A great structure to learn, the teepee promotes steady burning and can form the basis for more advanced structures, like the star.

  • Start with a handful of tinder at the base of the pit.
  • Build a small teepee-shaped cone around the tinder stack by leaning small pieces of kindling against each other.
  • Continue stacking the kindling in a cone shape, layer by layer, adding larger and larger pieces with each stack.
  • Light the tinder and watch your fire grow

The Star

Expanding on the teepee lay, the star will help promote longevity within your structure.

  • Build a full-sized teepee that is already burning
  • Point out five pieces of wood in a star shape around the teepee. The logs should burn from the center out.
  • As we are building this in a fire pit, the logs will slide into the center of the pit as they burn, ensuring the teepee stays alight for longer.

The Log Cabin Fire 

Log Cabin Fire 

This lay works best with wood thicknesses of around an inch, although wood that is slightly thicker at the base is ok. This thickness is ideal as it will allow the fuel to catch alight easily.

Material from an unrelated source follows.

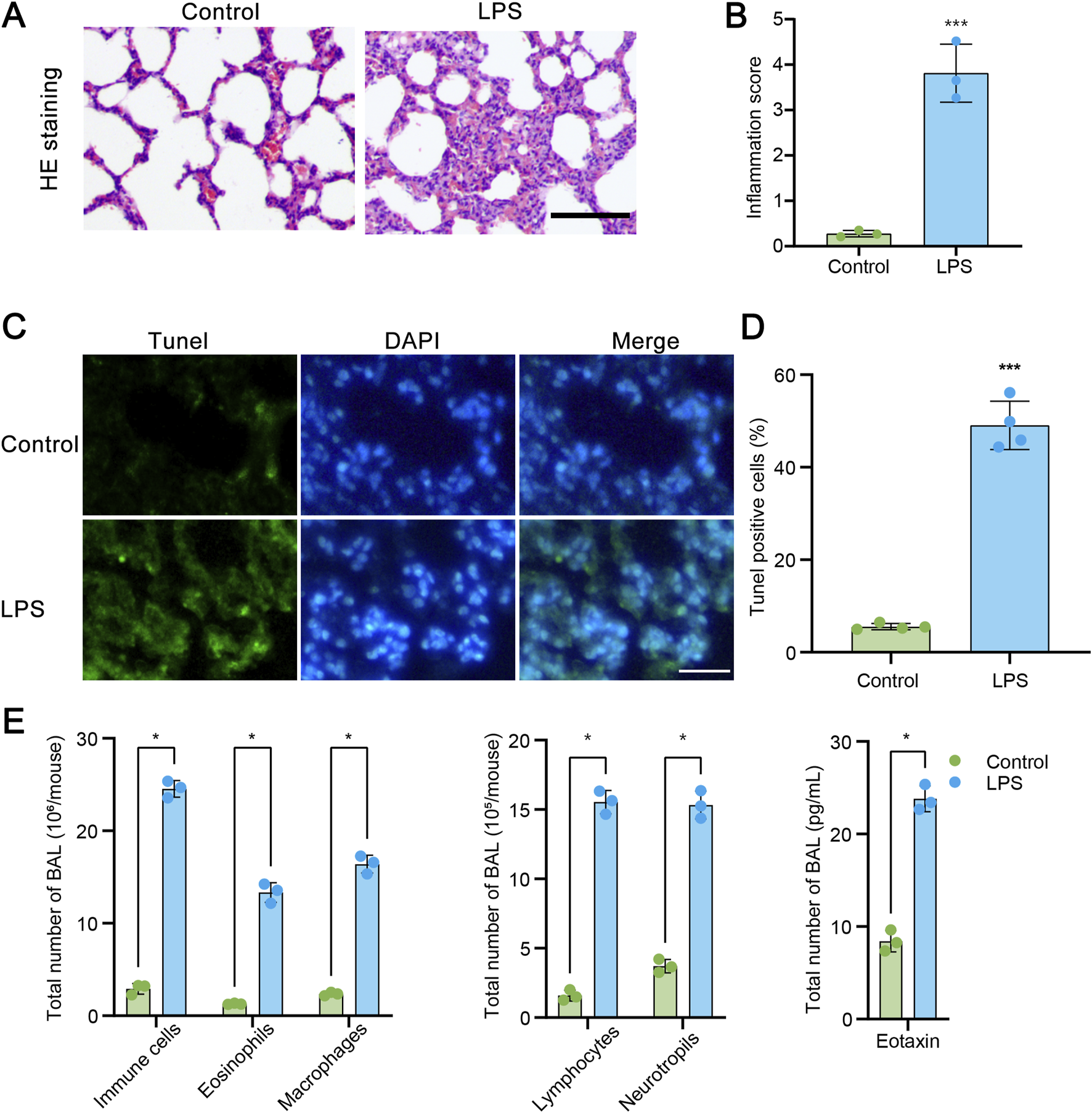 LPS administration induces to acute lung injury (ALI). (A) Hematoxylin and eosin (HE) staining of transverse lung sections from rats in the control and LPS-treated groups. (B) Quantification of the inflammatory response based on HE staining (n = 3). (C) TUNEL staining of transverse lung sections from the control and LPS-treated groups. (D) The number of TUNEL-positive cells relative to the total cells in lung tissue from the control and LPS-treated groups (n = 4). (E) Assessment of total cells, neutrophils, lymphocytes, macrophages, eosinophils, and Eotaxin levels in bronchoalveolar lavage fluid (BAL) by Wright-Giemsa (n = 3). Scale bars = 100 μm. Data are presented as mean ± SD. *P < 0.05 vs control; ***P < 0.001 vs control.

  • Start with your stack of tinder and kindling in the center of the pit. Use around a cupped hand full of tinder and cover with kindling.
  • Begin laying your material in a criss-cross pattern, with two pieces parallel, then two pieces perpendicular on top of this. You shouldn’t need more than four levels of wood.
  • It’s time to light up. Your tinder should be combustible enough to set ablaze with one match, and if built correctly, should generally take care of itself during the lighting process.
  • As the fire burns, you will add lengths of wood across the roof of the fire, creating the log cabin shape. You can also add extra wood as it continues to burn to add longevity to the fire.

How to Choose Your Wood Type

There are plenty of differences between softwoods and hardwoods, and preferences will vary. However, it is generally accepted that hardwoods are more practical. Regardless of which wood you use, ensuring the wood is properly seasoned, or fully dry, is of the most importance.

Let’s Discuss Hardwoods

Coming from flowering plants, hardwoods are denser than softwood, allowing them to burn for longer and produce more heat overall. Hardwoods require less tending to and burn cleaner with less smoke, ideal in a fire pit scenario in which people will typically gather around the fire.

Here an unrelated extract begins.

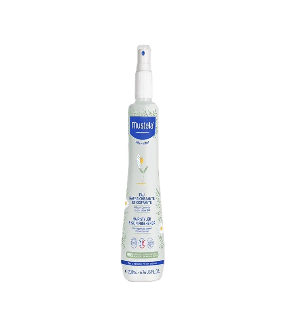 Laisse la peau de bébé propre et fraîche, avec "l'odeur de bébé" Mustela®. Permet de parfumer, rafraîchir, coiffer bébé, grâce à sa formule spéciale et son conditionnement pratique en spray.

If you are looking for long-lasting, clean-burning wood, some great choices are oak, ash, cherry, maple, and birch.

And What About Softwoods?


Softwood is typically cheaper and more available than hardwood, with around 80% of the wood in the world being softwood. Softwood burns faster than hardwood as it is less dense and will require more work to keep producing heat. That said, softwood tends to produce a more exciting flame thanks to the less dense structure, with aesthetically pleasing sparks and cracking sounds. Softwoods are also easier to catch alight.

Choosing seasoned pine or cedar is a reliable option if you want a sparkly, wood-cracking atmosphere around your pit.

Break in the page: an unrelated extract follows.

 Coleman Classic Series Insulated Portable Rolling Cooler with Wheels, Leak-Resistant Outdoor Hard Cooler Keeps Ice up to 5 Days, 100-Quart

Although softwoods produce much more smoke than their hardwood counterparts, this smoke can be an effective method in repelling mosquitoes in the surrounding area and downwind of the fire pit.

Some Pointers on Safety

When handling a large fire, safety should be of primary importance. Here are some things you may not have considered:

Checking the weather report for rain might seem obvious, but you should also check wind conditions while you’re there. Especially windy days might result in difficulty catching a spark and may cause unforeseen accidents. You can also check the general wind direction to set up seating around the pit away from the direction of the smoke.

Another aspect of fire pit safety that one may easily overlook is that construction materials should never be burned. Many types of lumber used in construction are coated with potentially toxic resins designed to uphold the material for years to come. You don’t want your guests to breathe that in. Do not burn pressure-treated lumber.

Another thing to keep in mind is having a method ready to extinguish your fire. Even if you chose a safe, open location to install your fire pit, you should always consider having a water source on hand to extinguish anything that gets out of hand. You can also consider a small shovel to suffocate any burning embers remaining or even invest in a fire blanket.